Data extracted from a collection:
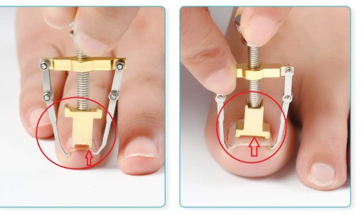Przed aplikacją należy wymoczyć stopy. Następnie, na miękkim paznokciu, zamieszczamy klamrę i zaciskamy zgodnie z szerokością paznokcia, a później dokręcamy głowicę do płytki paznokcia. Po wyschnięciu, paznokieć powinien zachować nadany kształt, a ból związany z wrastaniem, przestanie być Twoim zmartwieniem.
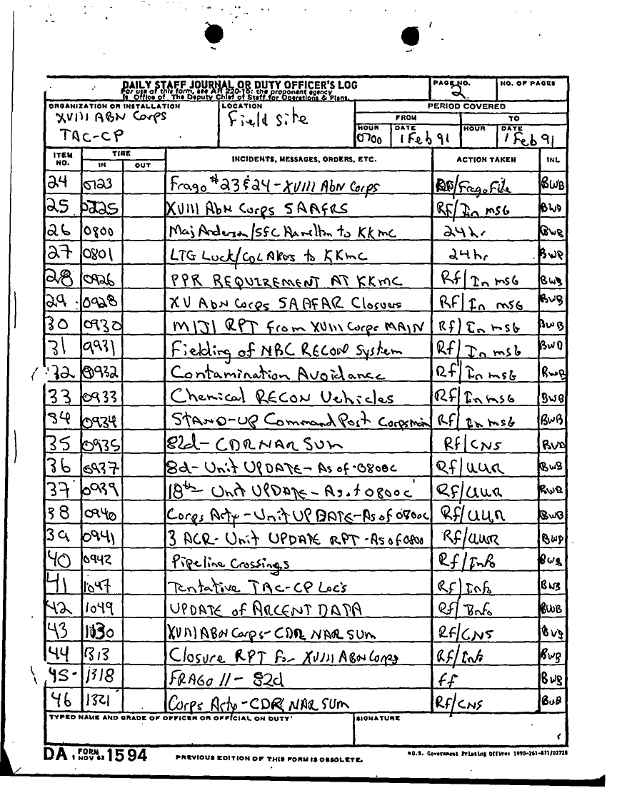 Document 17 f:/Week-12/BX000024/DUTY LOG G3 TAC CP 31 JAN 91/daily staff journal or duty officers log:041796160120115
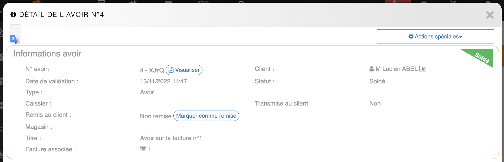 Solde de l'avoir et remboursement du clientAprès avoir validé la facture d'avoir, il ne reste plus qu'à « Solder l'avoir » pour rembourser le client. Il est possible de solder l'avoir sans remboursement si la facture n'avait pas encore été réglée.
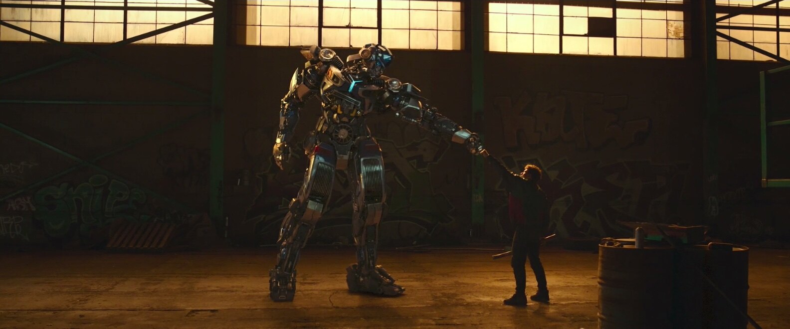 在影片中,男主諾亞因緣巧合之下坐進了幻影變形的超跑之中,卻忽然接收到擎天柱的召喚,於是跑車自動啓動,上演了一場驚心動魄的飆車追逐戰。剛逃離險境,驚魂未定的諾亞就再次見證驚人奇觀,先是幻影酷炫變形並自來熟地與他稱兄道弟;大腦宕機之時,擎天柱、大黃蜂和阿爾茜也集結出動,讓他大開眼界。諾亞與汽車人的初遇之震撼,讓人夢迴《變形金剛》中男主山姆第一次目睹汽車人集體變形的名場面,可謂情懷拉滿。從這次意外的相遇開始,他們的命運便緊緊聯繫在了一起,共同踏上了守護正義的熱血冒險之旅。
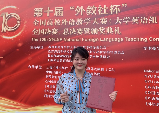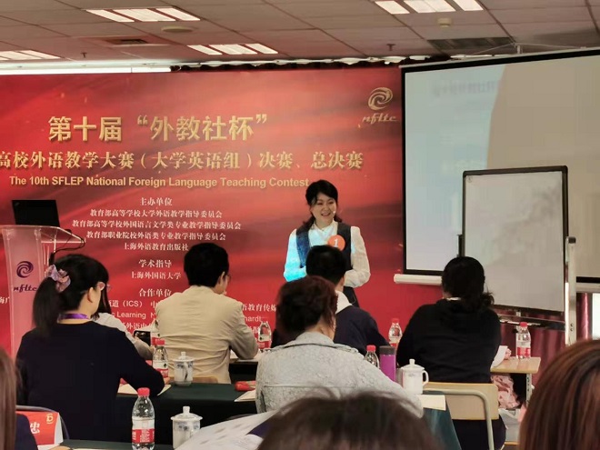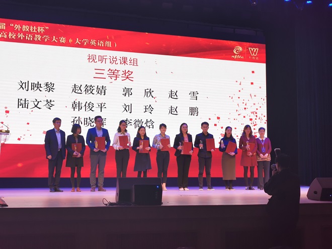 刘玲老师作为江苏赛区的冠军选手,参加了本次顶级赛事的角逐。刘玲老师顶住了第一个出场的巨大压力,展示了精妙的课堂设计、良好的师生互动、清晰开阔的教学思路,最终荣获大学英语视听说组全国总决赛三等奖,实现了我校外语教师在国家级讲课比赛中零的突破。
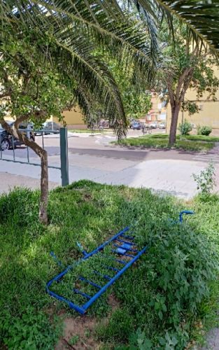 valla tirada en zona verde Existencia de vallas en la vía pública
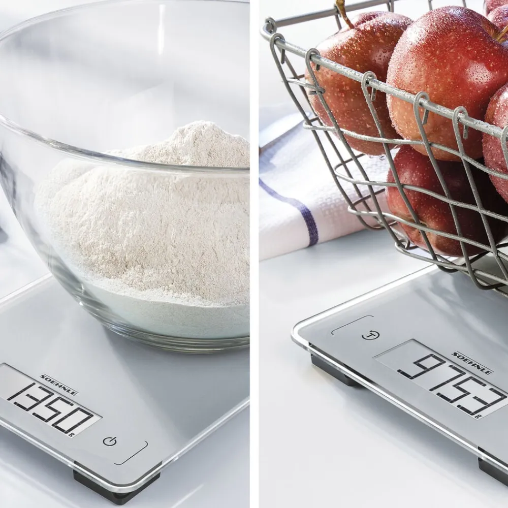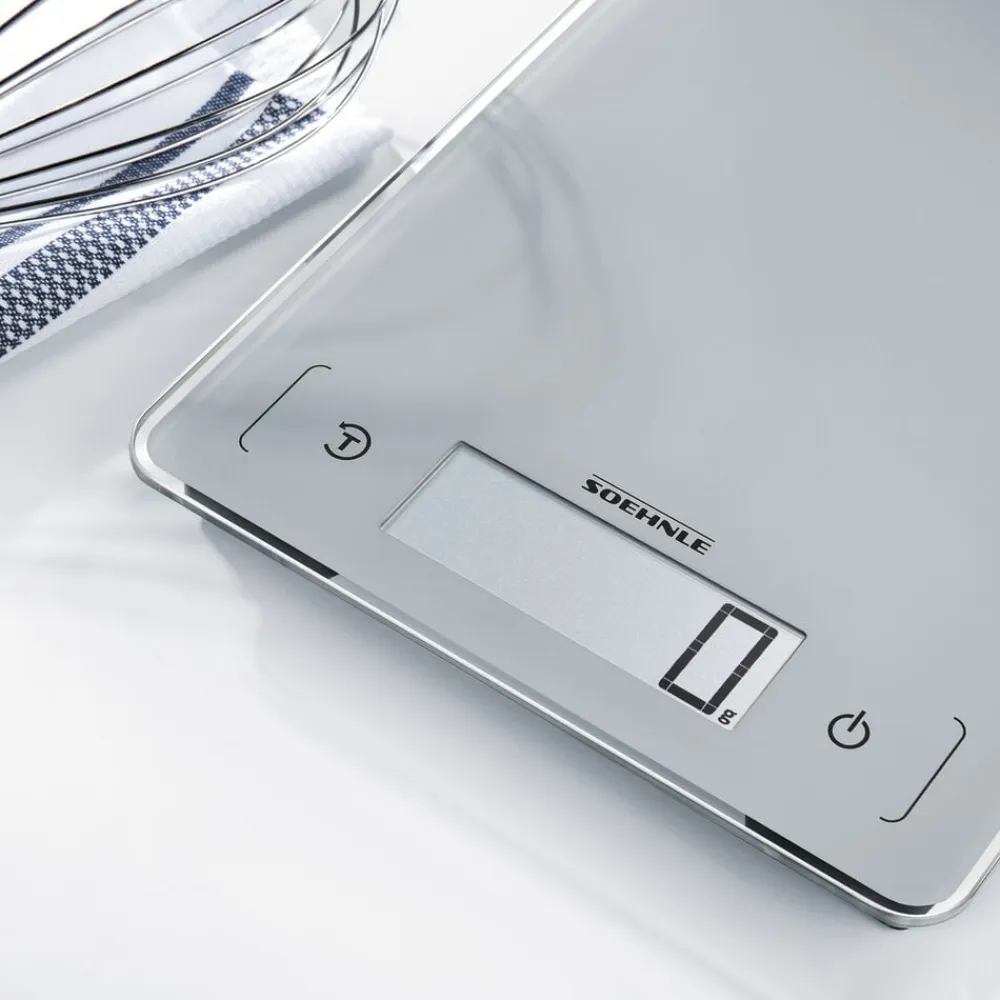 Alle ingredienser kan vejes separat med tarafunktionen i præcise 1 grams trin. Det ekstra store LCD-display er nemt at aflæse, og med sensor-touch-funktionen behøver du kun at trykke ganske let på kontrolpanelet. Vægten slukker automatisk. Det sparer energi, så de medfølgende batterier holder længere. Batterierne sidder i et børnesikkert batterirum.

WHAT THE EXERCISE ASKS
Your copy should match every record exactly and contain no pictures.

FINAL ANSWER
Przed aplikacją należy wymoczyć stopy. Następnie, na miękkim paznokciu, zamieszczamy klamrę i zaciskamy zgodnie z szerokością paznokcia, a później dokręcamy głowicę do płytki paznokcia. Po wyschnięciu, paznokieć powinien zachować nadany kształt, a ból związany z wrastaniem, przestanie być Twoim zmartwieniem.
 Document 17 f:/Week-12/BX000024/DUTY LOG G3 TAC CP 31 JAN 91/daily staff journal or duty officers log:041796160120115
 Solde de l'avoir et remboursement du clientAprès avoir validé la facture d'avoir, il ne reste plus qu'à « Solder l'avoir » pour rembourser le client. Il est possible de solder l'avoir sans remboursement si la facture n'avait pas encore été réglée.
 在影片中,男主諾亞因緣巧合之下坐進了幻影變形的超跑之中,卻忽然接收到擎天柱的召喚,於是跑車自動啓動,上演了一場驚心動魄的飆車追逐戰。剛逃離險境,驚魂未定的諾亞就再次見證驚人奇觀,先是幻影酷炫變形並自來熟地與他稱兄道弟;大腦宕機之時,擎天柱、大黃蜂和阿爾茜也集結出動,讓他大開眼界。諾亞與汽車人的初遇之震撼,讓人夢迴《變形金剛》中男主山姆第一次目睹汽車人集體變形的名場面,可謂情懷拉滿。從這次意外的相遇開始,他們的命運便緊緊聯繫在了一起,共同踏上了守護正義的熱血冒險之旅。
 刘玲老师作为江苏赛区的冠军选手,参加了本次顶级赛事的角逐。刘玲老师顶住了第一个出场的巨大压力,展示了精妙的课堂设计、良好的师生互动、清晰开阔的教学思路,最终荣获大学英语视听说组全国总决赛三等奖,实现了我校外语教师在国家级讲课比赛中零的突破。
 valla tirada en zona verde Existencia de vallas en la vía pública
 Alle ingredienser kan vejes separat med tarafunktionen i præcise 1 grams trin. Det ekstra store LCD-display er nemt at aflæse, og med sensor-touch-funktionen behøver du kun at trykke ganske let på kontrolpanelet. Vægten slukker automatisk. Det sparer energi, så de medfølgende batterier holder længere. Batterierne sidder i et børnesikkert batterirum.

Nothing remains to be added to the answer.